* [The task] What you need to produce from the material below is an exact transcription of the lines from the one with "En la UNEME" through the one with "Ok, first the", both included, and no other line.

* [Input for this task]
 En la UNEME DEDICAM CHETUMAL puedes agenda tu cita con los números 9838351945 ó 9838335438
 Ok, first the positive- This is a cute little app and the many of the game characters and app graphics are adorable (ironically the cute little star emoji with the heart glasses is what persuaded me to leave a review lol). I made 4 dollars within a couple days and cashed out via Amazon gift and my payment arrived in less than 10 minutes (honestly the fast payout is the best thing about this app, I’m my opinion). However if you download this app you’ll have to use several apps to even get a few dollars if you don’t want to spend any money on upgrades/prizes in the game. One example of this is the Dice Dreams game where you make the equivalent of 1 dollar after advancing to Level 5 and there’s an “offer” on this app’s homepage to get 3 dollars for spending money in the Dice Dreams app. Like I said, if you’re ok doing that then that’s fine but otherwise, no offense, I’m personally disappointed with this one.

---

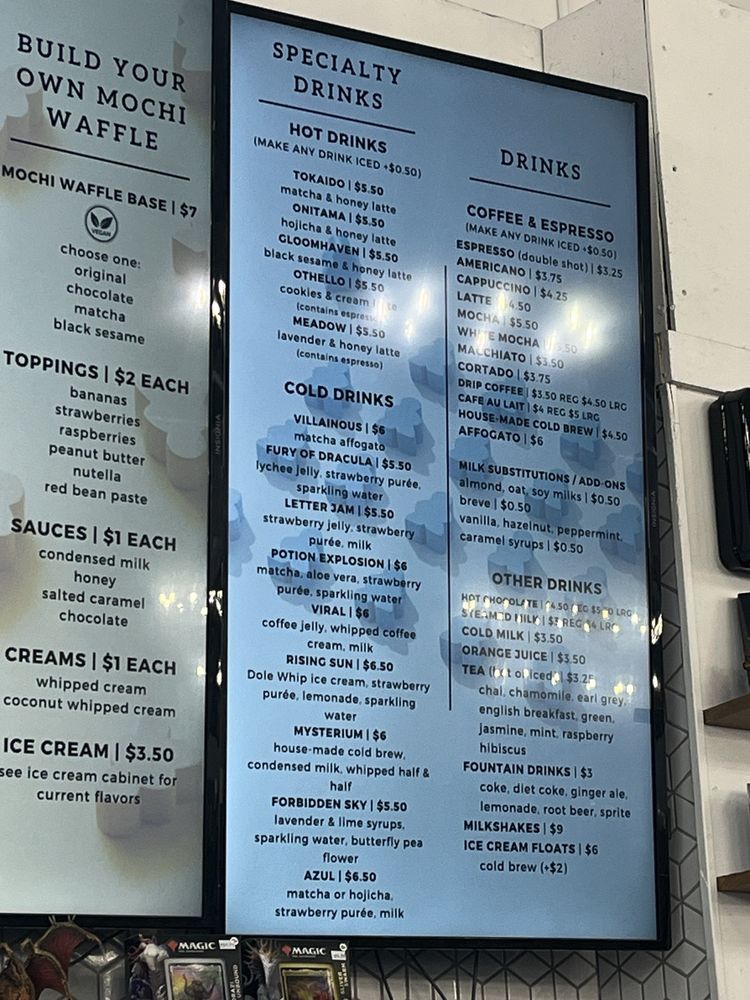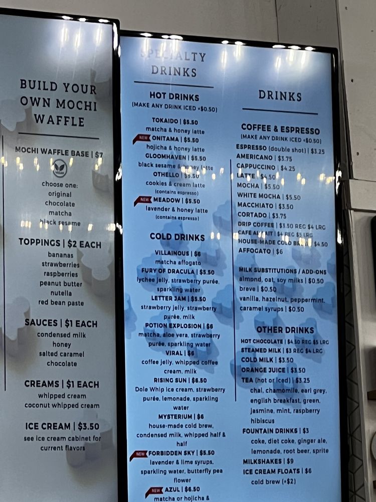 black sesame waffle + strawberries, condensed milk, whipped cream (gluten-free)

* [Answer box]
 En la UNEME DEDICAM CHETUMAL puedes agenda tu cita con los números 9838351945 ó 9838335438
 Ok, first the positive- This is a cute little app and the many of the game characters and app graphics are adorable (ironically the cute little star emoji with the heart glasses is what persuaded me to leave a review lol). I made 4 dollars within a couple days and cashed out via Amazon gift and my payment arrived in less than 10 minutes (honestly the fast payout is the best thing about this app, I’m my opinion). However if you download this app you’ll have to use several apps to even get a few dollars if you don’t want to spend any money on upgrades/prizes in the game. One example of this is the Dice Dreams game where you make the equivalent of 1 dollar after advancing to Level 5 and there’s an “offer” on this app’s homepage to get 3 dollars for spending money in the Dice Dreams app. Like I said, if you’re ok doing that then that’s fine but otherwise, no offense, I’m personally disappointed with this one.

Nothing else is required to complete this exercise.